C++ code as follows:
#include<iostream>
#include<string>
using namespace std;
//Euclid's algorithm finds the greatest common divisor
int gcd(int i, int j)
{
while(1)
{
if(i > j)
{
i = i%j;
if(i == 0)
{
return j;
}
}
if(j > i)
{
j = j%i;
if(j == 0)
{
return i;
}
}
}
}
int main()
{
string s = "abcdefghijklmn";
cout << "The origin is: "<< s << endl;
//The number of the left
int i;
cin >> i;
if(i > s.size())
{
i = i%s.size();
}
//mobile
char tmp;
int times = gcd(s.size(), i);
for(int j=0; j<times; ++j)
{
tmp = s[j];
int pre = j; //Record the last location
while(1)
{
int t = pre+i;
if(t >= s.size())
t = t-s.size();
if(t == j) //All the way to the original position of TMP, j
break;
s[pre] = s[t];
pre = t;
}
s[pre] = tmp;
}
cout << "The result is: "<< s << endl;
return 0;
}
Thinking four : the rotation vector x is actually the exchange of two segments of the vector ab, resulting in the vector ba, where a represents the first I elements of x. Let's say a is shorter than b. B is divided into bl and br so that the length of br is the same as the length of a. Switch a and br, convert ablbr to brbla. Now that sequence a is in its final position, we can focus on swapping the two parts of b. Since the new problem is the same as the original one, we solve it recursively. This approach produces elegant programs, but requires clever code and some thought to see that it is efficient enough.
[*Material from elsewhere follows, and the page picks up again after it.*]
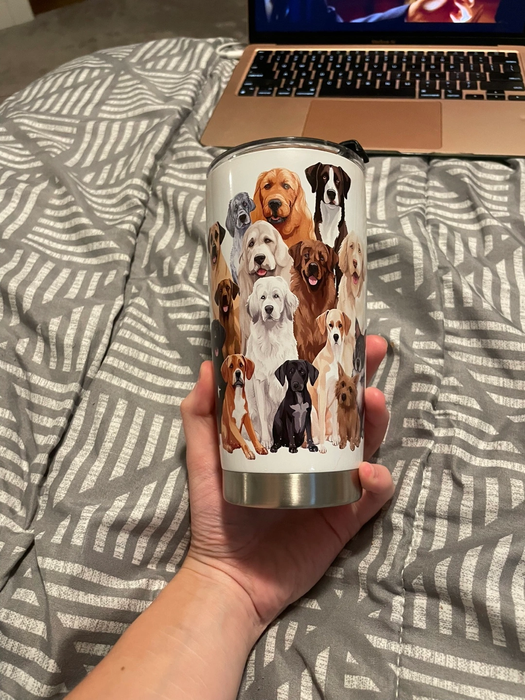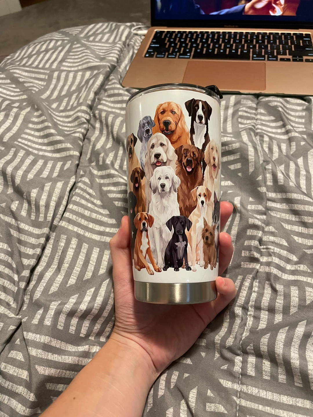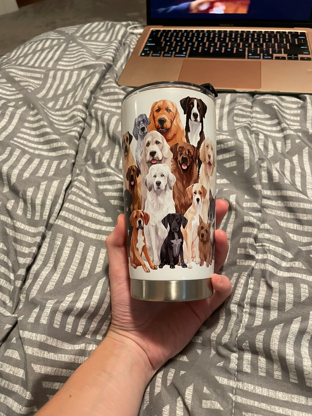 Show allTumbler with dog rescue theme. It has a stainless steel bottom and a design with many dogs on the side. The tumbler also has a text design that says, "I just want to rescue all the dogs".

// implementation code (omitted)
Thinking five (preferably) think of this problem as converting an array ab to a ba, and assume that we have a function to reverse the elements of a particular part of the array. You start with ab, you take the inverse of a, you get arb, and then you take the inverse of b, you get arbr. And then you take the inverse of the whole thing, and you get arbr, r, which is ba.
reverse(0, i-1)
reverse(i, n-1)
reverse(0, n-1)
Performance: the reverse-order method is efficient in time and space, and the code is very short and hard to fault.
C++ code as follows:
#include<iostream>
#include<string>
using namespace std;
void reverse(string &s, int begin, int end)
{
while(begin < end)
{
char tmp = s[begin];
s[begin] = s[end];
s[end] = tmp;
++begin;
--end;
}
}
int main()
{
string s = "abcdefghijklmn";
cout << "The origin is: "<< s << endl;
int i;
cin >> i;
if(i > s.size())
{
i = i%s.size();
}
reverse(s, 0, i-1);
reverse(s, i, s.size()-1);
reverse(s, 0, s.size()-1);
cout << "The result is: "<< s << endl;
return 0;
}
Third, expand and extend
How do I rotate vector ABC into cba?
Similar to the previous problem, this vector rotation corresponds to the swap model for non-contiguous memory blocks. The solution is similar: cba = (arbrcr) r
Note: in the interview or written test, if there is a vector rotation (memory block exchange) problem, it is recommended that the best way to use five answers, not only efficient and concise.